= Christianity in Tajikistan =

Christianity is a minority religion in Tajikistan.

According to the 2020 census, it is the second largest religion in the country behind Islam. This is 0.69% of the population, or approximately 50,000 people.

==Denominations==
The World Christian Encyclopedia, Second edition, Volume 1, states the Russian Orthodox Church as the largest Church. The Lutheran Church has one congregation in Dushanbe and smaller groups in few other places. The World Christian Encyclopedia also mentions the presence of the Ukrainian Orthodox Church. There were about 100 Catholics in the country in 2020.

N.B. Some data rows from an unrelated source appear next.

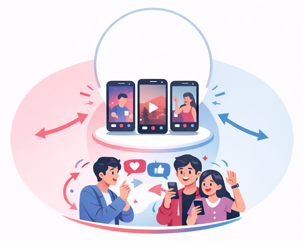 틱톡은 다른 소셜 미디어 플랫폼에 비해 의도적으로 양방향 소통을 강화한 구조를 가지고 있습니다.
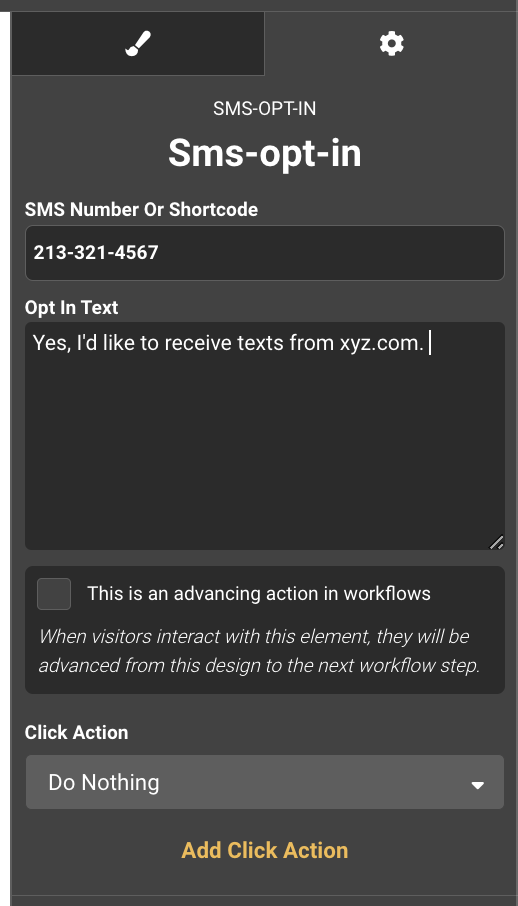 2. Update the settings for the element by adding in your SMS Number or Shortcode and the opt-in text with your keyword included.
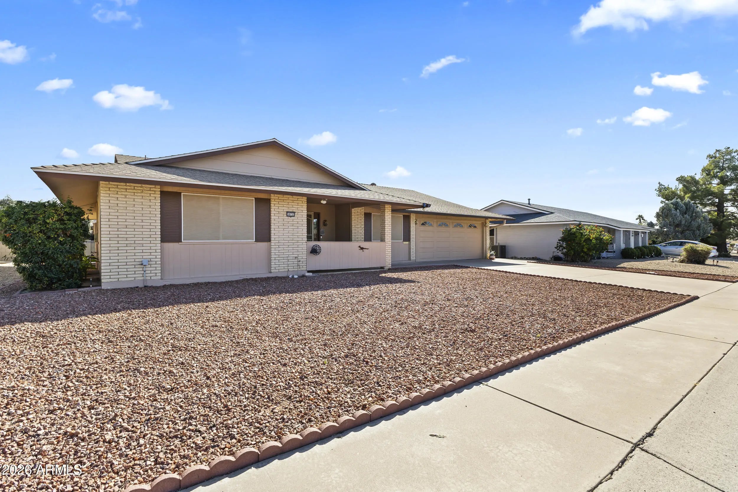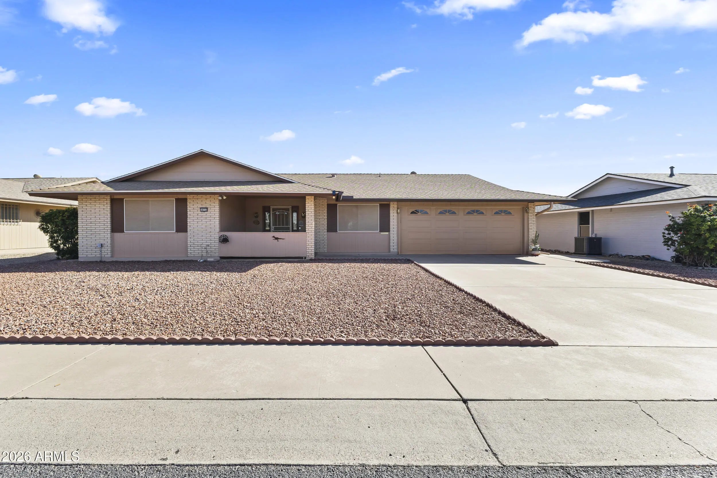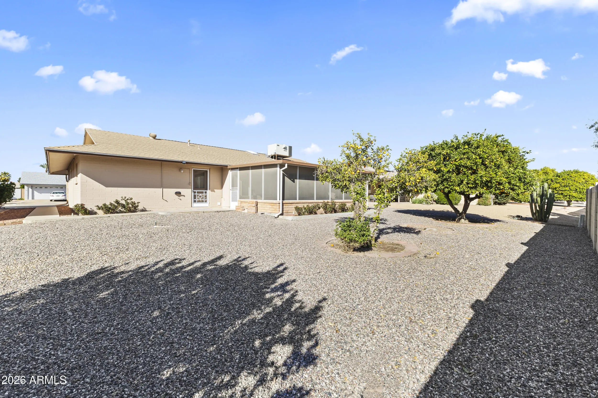 Immaculate 2 bed, 2 bath home w/ extended living space, UNDER $300K! Light & bright floorplan w/ fresh interior paint. The eat-in kitchen includes a wall-mounted oven, electric cooktop, dishwasher & disposal, providing a functional & inviting place to eat. The owner's suite has a built-in vanity, convenient linen cabinet & walk-in closet. Outside you'll love the desert landscaping, orange trees & huge Arizona room w/ tile flooring & screens. Perfect for entertaining & enjoying our beautiful AZ weather! There's also a 2-car garage w/ attached cabinets, insulated door & huge utility room. Plus, this is one of the most meticulously maintained homes in the entire community! Enjoy all the premier Sun City amenities, close to shopping, dining, medical & entertainment. Welcome home!
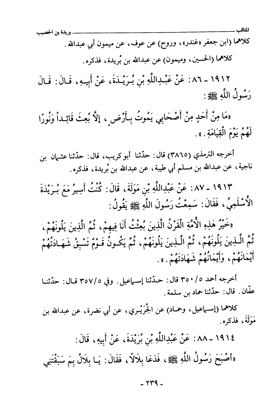 ١٩١٣ - عَنْ عَبْدِ اللهِ بْنِ مَوَلَةَ، قَالَ: كُنْتُ أَسِيرُ مَعَ بُرَيْدَةَ الأَسْلَمِيِّ، فَقَالَ: سَمِعْتُ رَسُولَ اللهِ صلى الله عليه وسلم يَقُولُ:
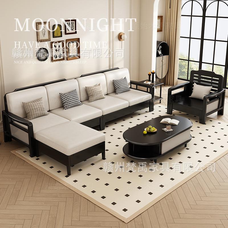 北欧复古胡桃木实木沙发客厅组合冬夏两用黑色诧寂风法式藤编家具

There are at least five registered organizations of Baptists. There is at least one congregation of Korean Protestants. There are foreign Christian missions in Tajikistan. In the constitution, freedom of religion is mentioned. Religious communities must be registered by the Committee on Religious Affairs under the Council of Ministers. It is legal to distribute Christian literature.

==Restriction==
In early 2009 Tajikistan enacted a new law on religious practice which essentially limits worship to state-sanctioned forms. The new law imposes censorship on religious literature and restricts performing rituals to state-approved venues. It makes it harder for new religious communities to get registration. This law has been used to ban the Christian aid group.

== Persecutions ==
In recent years, several incidents of violence and discrimination against the Christian minority have been reported. These included the bombing of a Christian church in Dushanbe in 2000, killing 10 and wounding many more. According to reports, some of the surviving victims later faced harassment by the police. In 2012, a young man dressed as Father Frost was stabbed to death in Dushanbe by a crowd shouting "You infidel!". The murder was motivated by religious hatred, according to the Tajik police.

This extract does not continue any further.